Graph Clustering with an Emphasis on Algorithms Employing the Commuting Times Distance.

Authors

;

Term

4. term

Publication year

2013

Submitted on

Pages

95

Abstract

Grafer – samlinger af noder (punkter) forbundet af kanter (linjer) – er en enkel måde at repræsentere netværk på, så man kan fokusere på relationer. Sådan en visualisering kan afsløre mønstre, der er svære at se ellers. Grafklyngedannelse forsøger at finde grupper af noder, der er særlig tæt forbundne. Metoden bruges bl.a. i sociale netværk (f.eks. videnskabeligt samarbejde) og i biologi (f.eks. protein–protein-interaktionsnetværk).
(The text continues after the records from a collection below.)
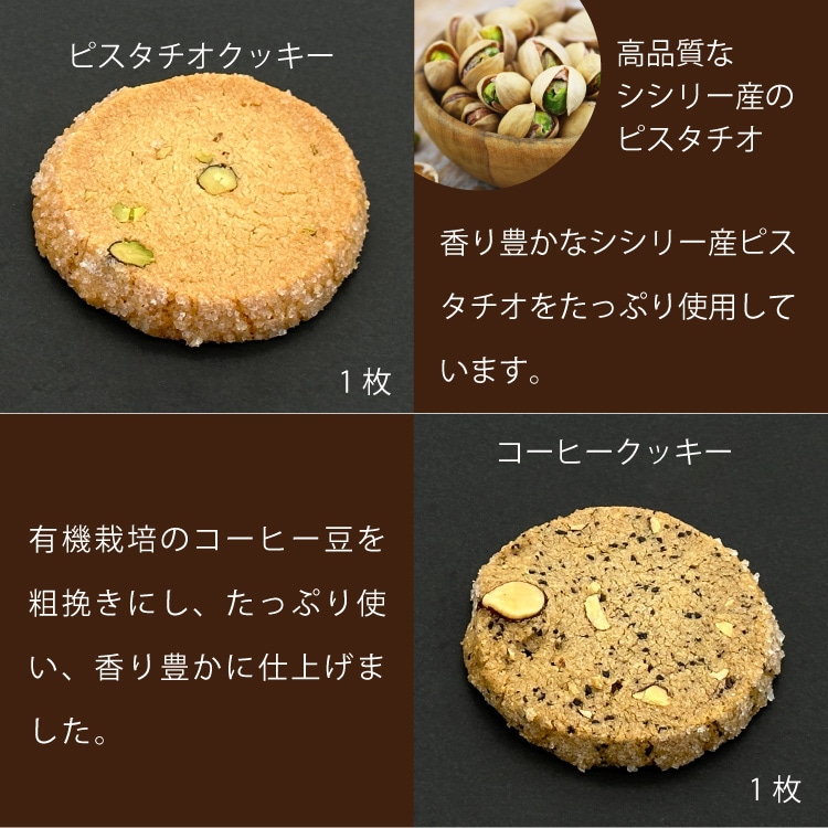 ピスタチオ:小麦粉(国内製造)、バター、砂糖、ピスタチオ、卵、アーモンド、植物油脂(大豆を含む)、塩、牛乳/香料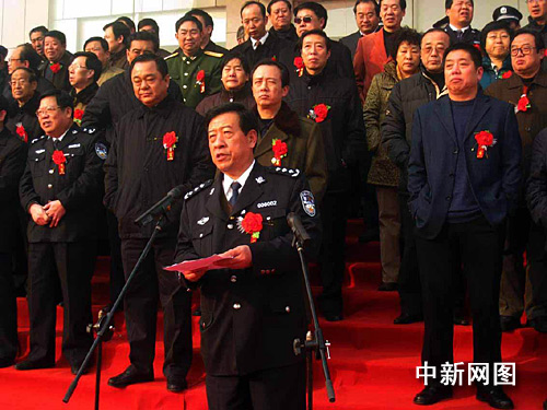 山西省省公安廳黨委副書記、常務副廳長李連琪在山西省臨汾市公安局作戰(zhàn)指揮中心啟動暨升國旗儀式上致詞。作者:劉一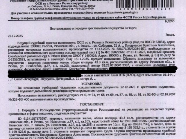 Данные получены с сайта ГИС Торги. Помещение, назначение: жилое, наименование: квартира, площадь 43,3 кв.м., кадастровый номер 62:29:0110001:3382, адрес: Российская Федерация, Рязанская область, г.о. город Рязань, г Рязань, ул Новоселов, д. 37 к. 1, кв. 205. Сведениями о зарегистрированных по данному адресу лицах Организатор торгов не располагает. Согласно справке ООО "Р-Энергия" от 20.01.2026 г. задолженность по взносам на капитальный ремонт отсутствует. Залогодержатель: Банк ВТБ (ПАО). Начальная цена: 3 169 525 (Три миллиона сто шестьдесят девять тысяч пятьсот двадцать пять) руб. 60 коп., без НДС. Задаток: 150 000 (Сто пятьдесят тысяч) руб. 00 коп. Шаг аукциона 1%: 31 695 (Тридцать одна тысяча шестьсот девяносто пять) руб. 26 коп.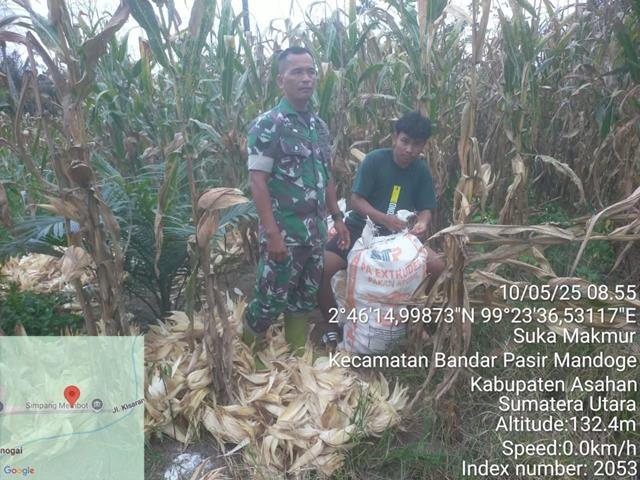 Dalam kesempatan ini seperti halnya yang dilakukan oleh Personel Bintara Pembina Desa (Babinsa) Koramil 14/Bandar Pasir Mandoge jajaran Kodim 0208/Asahan Serka L Siringo Ringo turun kewilayah desa binaan untuk turut serta melaksanakan kegiatan komsos bersama warga binaan yang sedang memanen jagung, sebagai Babinsa membantu dan memberikan dukungan agar bisa meningkatkan hasil ketahanan pangan hasil jagung di wilayah binaan bersama masyarakat melaksanakan pendampingan ketahanan pangan (Hanpang) jenis tanaman jagung hibrida membantu masyarakat melaksanakan  panen jagung jenis hibrida untuk mendukung program pemerintah agar Indonesia menjadi lumbung pangan dunia, kegiatan ini bertujuan agar terjalin hubungan yang baik antara Babinsa dengan warga binaannya sehingga tercipta hubungan dan kerja sama yang baik dan TNI semakin di cintai rakyat, bersama dengan Ibu Berta Boru Silalahi, Bapak Joni Huta Galung dan Bapak Marudut Manurung, kegiatan tersebut yang dilaksanakan bertempat di Dusun VIII Desa Suka Makmur Kecamatan Bandar Pasir Mandoge Kabupaten Asahan, Minggu (11/05/2025).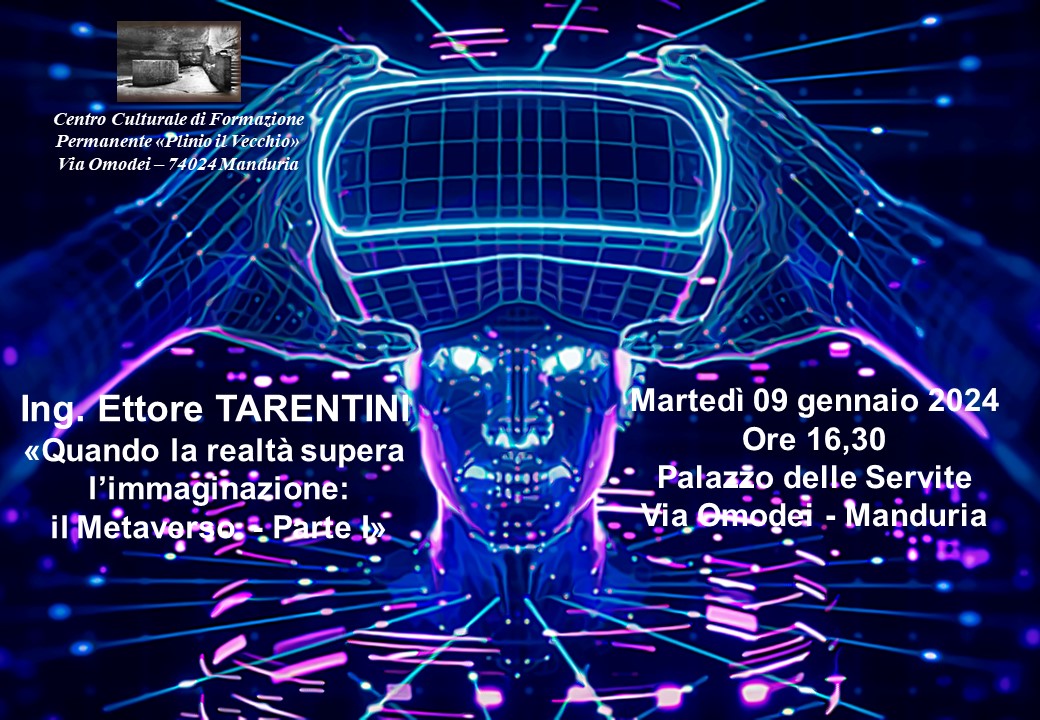 Dopo la pausa natalizia, domani, martedì 9 gennaio, riprenderanno gli incontri del Centro Culturale di formazione permanente “Plinio il Vecchio”, presso la sede, sita in via Omodei, Palazzo delle servite, piano terra, alle ore 16,30

Afhandlingen fokuserer på et afstandsmål for grafer kaldet Commuting Times-afstanden. Det beregnes ud fra Moore–Penrose-pseudoinversen af grafens Laplacian-matrice, en lineær-algebraisk beskrivelse af, hvordan noderne er forbundet. Vi implementerer denne afstand og etablerer en ramme, hvor den kan kombineres med afstandsbaserede klynge-metoder – specifikt K-Medoids og hierarkisk klyngedannelse – for at klynge grafer. Vi afprøver disse metoder sammen med Commuting Times-afstanden på flere computergenererede grafer, på to datasæt med kendt klyngestruktur og på ét datasæt med ukendt struktur. Resultaterne sammenlignes med den klassiske Girvan-Newman-algoritme på de samme datasæt.

Graphs—collections of nodes (points) connected by edges (lines)—provide a simple way to represent networks and focus on relationships. Such visualizations can reveal patterns that are hard to see otherwise. Graph clustering aims to find groups of nodes that are especially tightly linked. This approach is used in areas like social networks (e.g., scientific collaboration) and biology (e.g., protein–protein interaction networks). This thesis focuses on a graph distance called the Commuting Times distance. It is computed from the Moore–Penrose pseudoinverse of the graph Laplacian, a linear-algebra summary of how nodes are connected. We implement this distance and set up a framework where it can be combined with distance-based clustering methods—specifically K-Medoids and hierarchical clustering—to group nodes in graphs. We evaluate these methods together with the Commuting Times distance on several computer-generated graphs, on two datasets with known cluster structure, and on one dataset with unknown structure. We also compare the results with those of the classic Girvan-Newman algorithm on the same datasets.